• **Problem**: With the pictures left out, restate exactly the part below that opens with the line containing "With LinkedIn Intro, users" and closes with the line containing "于教15栋102会议室开展中".

• **Provided entries**:

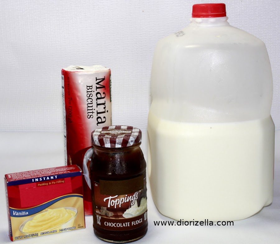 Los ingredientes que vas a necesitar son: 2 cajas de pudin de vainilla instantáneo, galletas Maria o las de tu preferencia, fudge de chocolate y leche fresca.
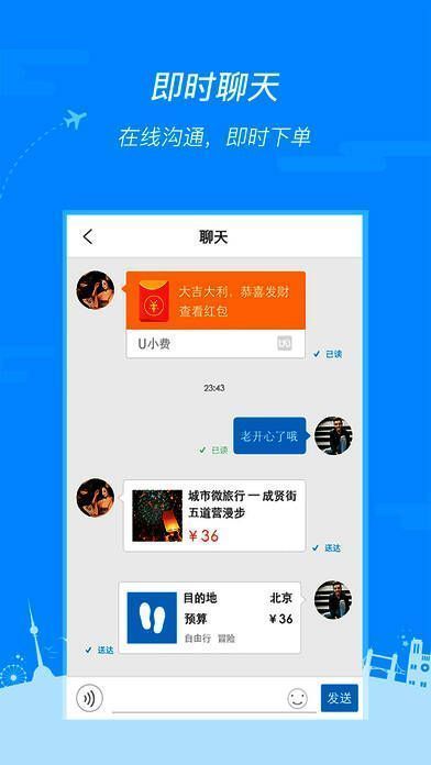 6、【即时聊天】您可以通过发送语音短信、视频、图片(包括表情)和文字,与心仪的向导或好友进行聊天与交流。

...

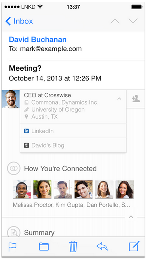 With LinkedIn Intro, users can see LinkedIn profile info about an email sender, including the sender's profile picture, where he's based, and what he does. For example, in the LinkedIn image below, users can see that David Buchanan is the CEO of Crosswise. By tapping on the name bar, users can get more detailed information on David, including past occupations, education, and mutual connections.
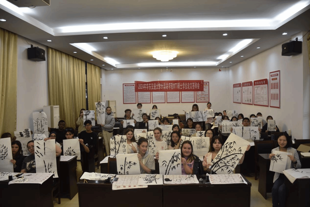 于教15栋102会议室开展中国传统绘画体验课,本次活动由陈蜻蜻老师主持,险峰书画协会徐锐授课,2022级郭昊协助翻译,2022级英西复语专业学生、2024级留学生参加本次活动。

• **Solution for this task**:
 With LinkedIn Intro, users can see LinkedIn profile info about an email sender, including the sender's profile picture, where he's based, and what he does. For example, in the LinkedIn image below, users can see that David Buchanan is the CEO of Crosswise. By tapping on the name bar, users can get more detailed information on David, including past occupations, education, and mutual connections.
 于教15栋102会议室开展中国传统绘画体验课,本次活动由陈蜻蜻老师主持,险峰书画协会徐锐授课,2022级郭昊协助翻译,2022级英西复语专业学生、2024级留学生参加本次活动。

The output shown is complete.